Why should parties waste time on the big, national issues when people vote only on local matters anyway?
THE call came through on Thursday afternoon. A London-based journalist with a leading international news organisation was on the line. He was very diligently doing some preparatory research in advance of the Irish general election and he wanted a quick briefing from me as to what the big issues would be come next May.
It should have been a routine question to put to a political correspondent of a national newspaper, yet it managed to turn me into a quivering mass of jelly. After much stammering, scratching of my head, filibustering and generally talking nonsense, I had to finally admit that, as of now, I wasn't really sure what the major issues would be come general election time.
All of the talk at the moment, I explained, was which party would go into government with which. Would Labour go in with Fianna Fáil? Would the Greens link up with Fianna Fáil and, possibly, the PDs? Would the PDs be part of ABBA (the anybody but Bertie alliance)? Would Fianna Fáil form a government that was supported by Sinn Féin? Etc, etc.
The journalist patiently listening on the other end of the phone was far too polite to point out that this was surely a case of putting the cart before the horse;
that surely the emphasis should be on the key areas that would determine how people would cast their vote and not on what might happen after the election if any one of 10 different scenarios emerged. But the point could not have been lost on him, nor was it on me.
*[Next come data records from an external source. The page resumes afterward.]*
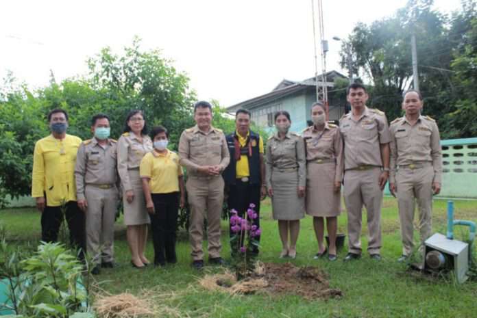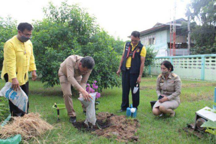 พร้อมกันนี้ อธิบดีกรมการพัฒนาชุมชน ยังได้ปลูกต้นม่วงส่าหรี ซึ่งเป็นไม้ดอกสีม่วง ภายในพื้นที่ รพ.สต.บางขนุน พร้อมทั้งแนะแนวทางการปลูกผักสวนครัวในบริเวณวัดซึ่งยังมีที่ว่าง เช่น ถั่วฝักยาว หรือผักไม้เลื้อยอื่นๆ ไว้ริมคลอง เพื่อเป็นการกระตุ้นให้เกิดการใช้พื้นที่ให้เกิดประโยชน์อย่างสูงสุดอีกด้วย
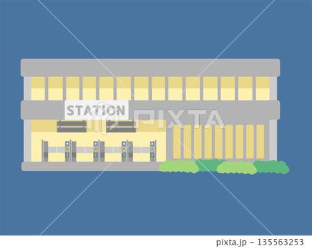 グレー基調で灯りがともる夜の大きな駅舎イラスト
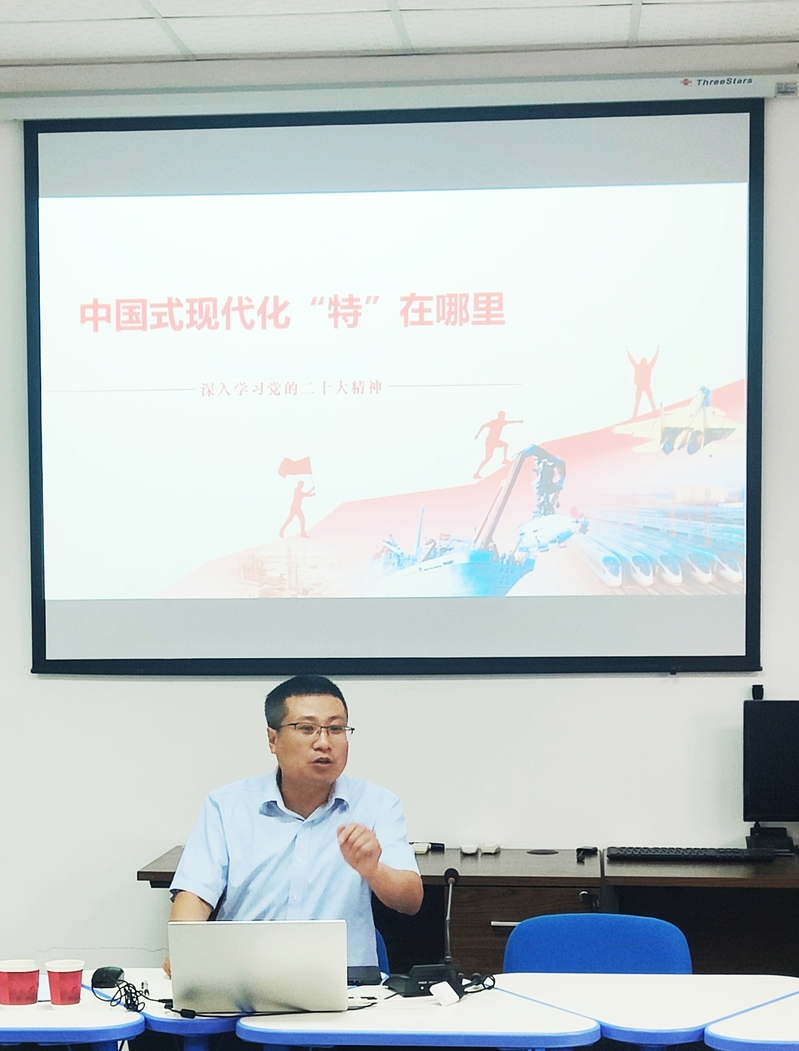 6月28日下午,公司副董事长刘明学教授在高新校区团体辅导室以“小故事讲大道理、小细节反映大问题”非常接地气的方式为k8凯发45名员工代表讲授了一堂题为“中国式现代化‘特’在哪里”的形势与政策课。课程分为两个阶段,第一阶段为报告讲座,第二阶段为交流座谈。
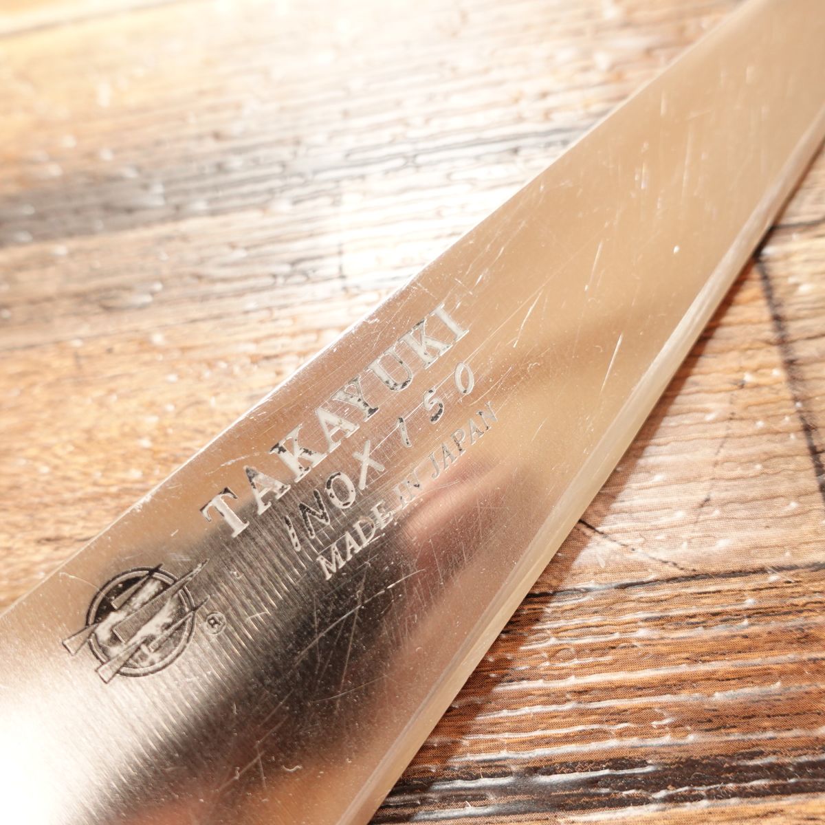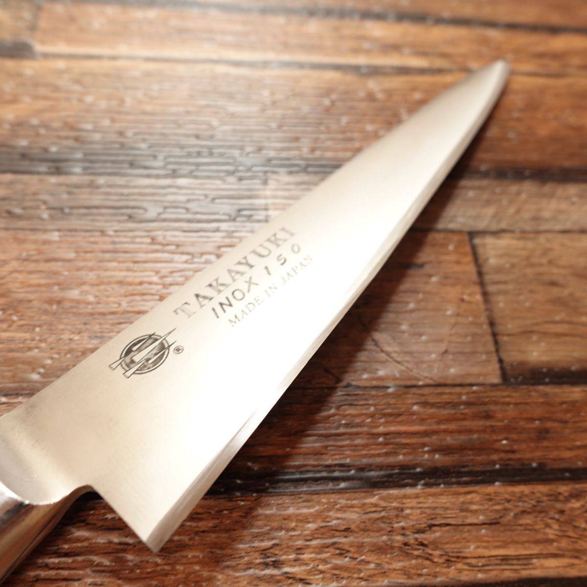This knife features the engravings "TAKAYUKI," "INOX 150," and "Made in Japan."

Of course, the political parties, and no doubt many readers, will dispute my suggest- ion that there are no big issues. What about, just for starters, health, crime, childcare, transport, the environment and immigration? Yes, all these issues are important to people, but will the general election actually be decided by them? Very doubtful.
With virtually every opinion poll, we are told that health is the people's number one priority, but it almost never seems to impact come general election time. A couple of constituencies have elected hospital candidates and in 1989, a perception that Fianna Fáil failed to understand anger over cutbacks in the health services definitely cost the party seats and its chance of an overall majority.
But since then, it's difficult to see how it has influenced elections. In the last general election, the Labour party published a well-thought-out policy promising universal health insurance. It wasn't perfect - the notion of free GP care regardless of a person's wealth is a bad use of resources - but it was a genuinely radical approach to tackling the twotier nature of the Irish health system. Yet it hardly got a look-in at the election, aside from mutterings from Fianna Fáil that it might lead to the scaling down of local hospitals.
Crime did have an impact in the 1997 general election when Fianna Fáil's zero tolerance policy got a lot of publicity but, with zero tolerance now but a distant memory of an almost quaint bygone age, does anybody still believe that any of the parties have a magic wand to tackle crime? Fine Gael have been telling us that Enda Kenny will "make the criminals pay for their crimes" but, aside from the oh so daft 'boot camp' idea, detail on exactly how those criminals will be made pay has been pretty thin on the ground.
It would wrong to say that political parties don't come up with policies.
Come general election time, all the parties will produce pages upon pages of policies, some of which will be pretty innovative. The problem is that nobody really pays very much attention to them.
The media are as much to blame as anybody. We are bored by the detail in policies and, rightly or wrongly, believe readers or viewers aren't interested.
After the last general election, a politician revealed privately to this columnist that his party knew nobody in the media was paying close attention to its policy pronouncements when a glaring problem with one of its key policy documents went wholly undetected.
General issues such as the economy and immigration will of course prove influential in the run-up to the election, but the reality of Irish general elections is that people tend to vote for a person rather than a party. As Albert Reynolds once pointed out, the next general election will effectively be 43 separate elections.
While of course those individual elections are impacted by national swings - witness the collapse of Fine Gael in 2002 or the "Spring tide" of 10 years earlier - it's generally the work done on the ground by a politician that will secure his or her election.
That has spawned the monster where the state spends over Euro5m a year on salaries of staff to deal with the constituency work of government ministers. Ministers can apparently issue up to a thousand letters and emails a week on behalf of constituents. It's a fair bet that a good percentage of that communication is utterly pointless but unless the letters and emails are sent, the politician probably won't be re-elected. We can't have it both ways. If we only vote for politicians that prime the parish pump, we have to expect that such controversies will arise.
And, more worryingly, we also have to accept that real policy choices will never be central to our general elections.